Stochastic mRNA synthesis in mammalian cells.

Individual cells in genetically homogeneous populations have been found to express different numbers of molecules of specific proteins. We investigated the origins of these variations in mammalian cells by counting individual molecules of mRNA produced from a reporter gene that was stably integrated into the cell's genome. We found that there are massive variations in the number of mRNA molecules present in each cell. These variations occur because mRNAs are synthesized in short but intense bursts of transcription beginning when the gene transitions from an inactive to an active state and ending when they transition back to the inactive state. We show that these transitions are intrinsically random and not due to global, extrinsic factors such as the levels of transcriptional activators. Moreover, the gene activation causes burst-like expression of all genes within a wider genomic locus. We further found that bursts are also exhibited in the synthesis of natural genes. The bursts of mRNA expression can be buffered at the protein level by slow protein degradation rates. A stochastic model of gene activation and inactivation was developed to explain the statistical properties of the bursts. The model showed that increasing the level of transcription factors increases the average size of the bursts rather than their frequency. These results demonstrate that gene expression in mammalian cells is subject to large, intrinsically random fluctuations and raise questions about how cells are able to function in the face of such noise.

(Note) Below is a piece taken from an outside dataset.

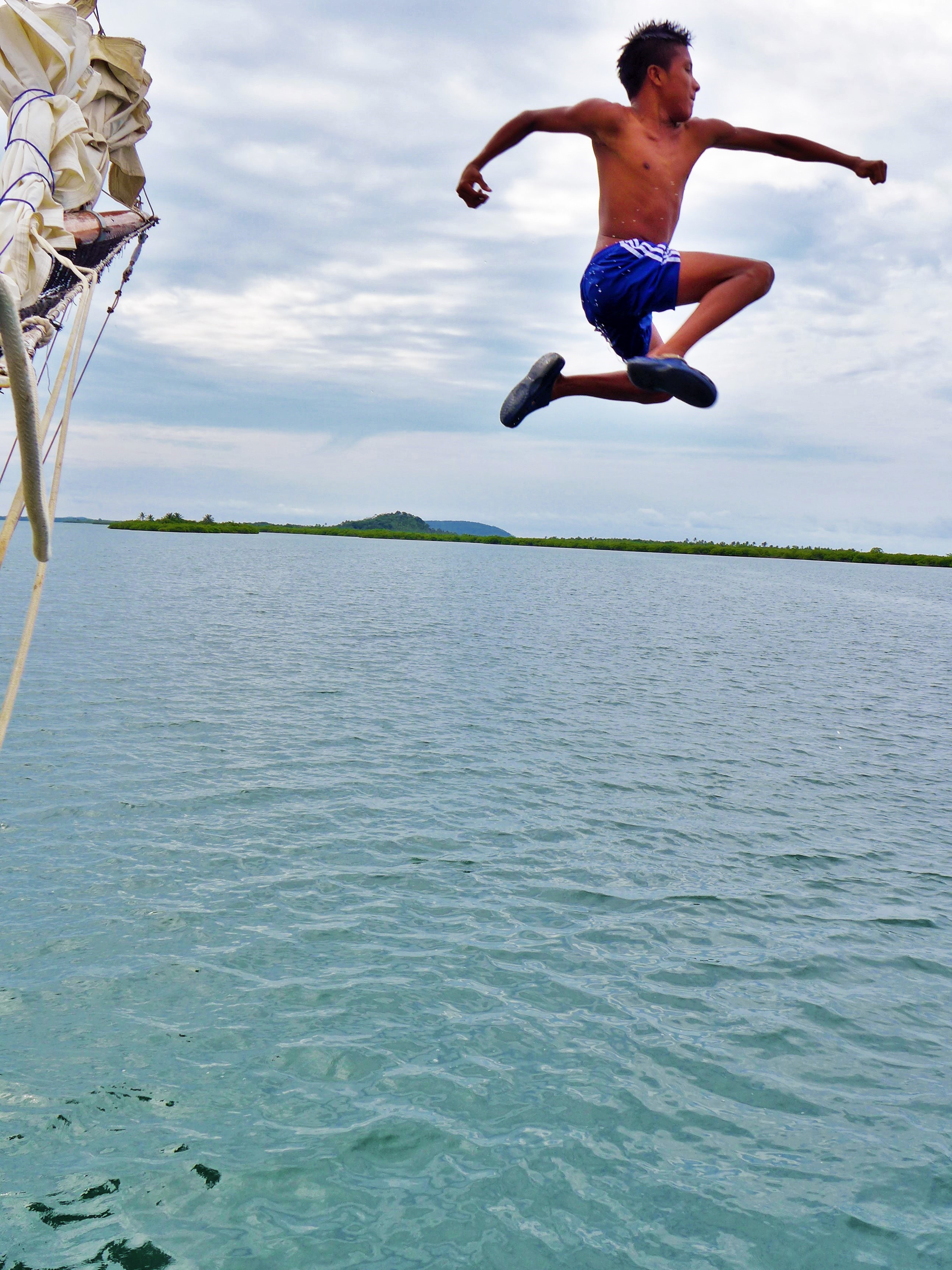 It was great seeing just how much joy the Kuna children received from visiting the Stahlratte. It was as if the carnival had arrived to their tiny floating village. The kids downed sodas and explored the ship. I wanted to have some fun with the kids and showed them the way to the ships bow where we had been jumping from the day before. Of course they all wanted to jump and took turns leaping from the beam.

Mechanism of mRNA transport in the nucleus.

The mechanism of transport of mRNA-protein (mRNP) complexes from transcription sites to nuclear pores has been the subject of many studies. Using molecular beacons to track single mRNA molecules in living cells, we have characterized the diffusion of mRNP complexes in the nucleus. The mRNP complexes move freely by Brownian diffusion at a rate that assures their dispersion throughout the nucleus before they exit into the cytoplasm, even when the transcription site is located near the nuclear periphery. The diffusion of mRNP complexes is restricted to the extranucleolar, interchromatin spaces. When mRNP complexes wander into dense chromatin, they tend to become stalled. Although the movement of mRNP complexes occurs without the expenditure of metabolic energy, ATP is required for the complexes to resume their motion after they become stalled. This finding provides an explanation for a number of observations in which mRNA transport appeared to be an enzymatically facilitated process.

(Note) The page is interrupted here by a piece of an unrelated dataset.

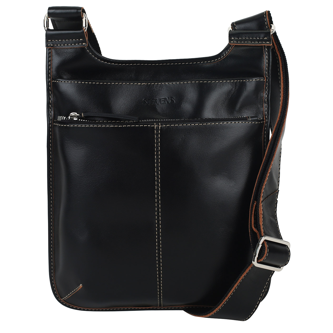 Кожаная сумка через плечо Stevens AS15S/TX01_pc - 2000558519687 черный натуральная кожа 23 x 28 x 3 Цена 10780 руб. купить в интернет-магазине PanChemodan.ru в Омске

tRNA-linked molecular beacons for imaging mRNAs in the cytoplasm of living cells.

When oligonucleotide probes are microinjected into cells to image the distribution of RNAs, they are rapidly sequestered into the nucleus. As a result, it is difficult to detect mRNAs in the cytoplasm of living cells. We were able to overcome this process by attaching tRNA transcripts to the probes. We show that when fluorescently labeled tRNAs, tRNAs with extensions at their 5' end, or chimeric molecules in which a molecular beacon possessing a 2'-O-methylribonucleotide backbone is linked to a tRNA, are injected into the nucleus of HeLa cells, they are exported into the cytoplasm. When these constructs are introduced into the cytoplasm, they remain cytoplasmic. These constructs allow the distribution of both the general mRNA population and specific mRNAs to be imaged in living cells. This strategy should also be useful for enhancing the efficacy of antisense oligonucleotides by keeping them in the cytoplasm. Our observations show that the fidelity of the tRNA export system is relaxed for unnatural tRNA variants when they are introduced into the nucleus in large amounts.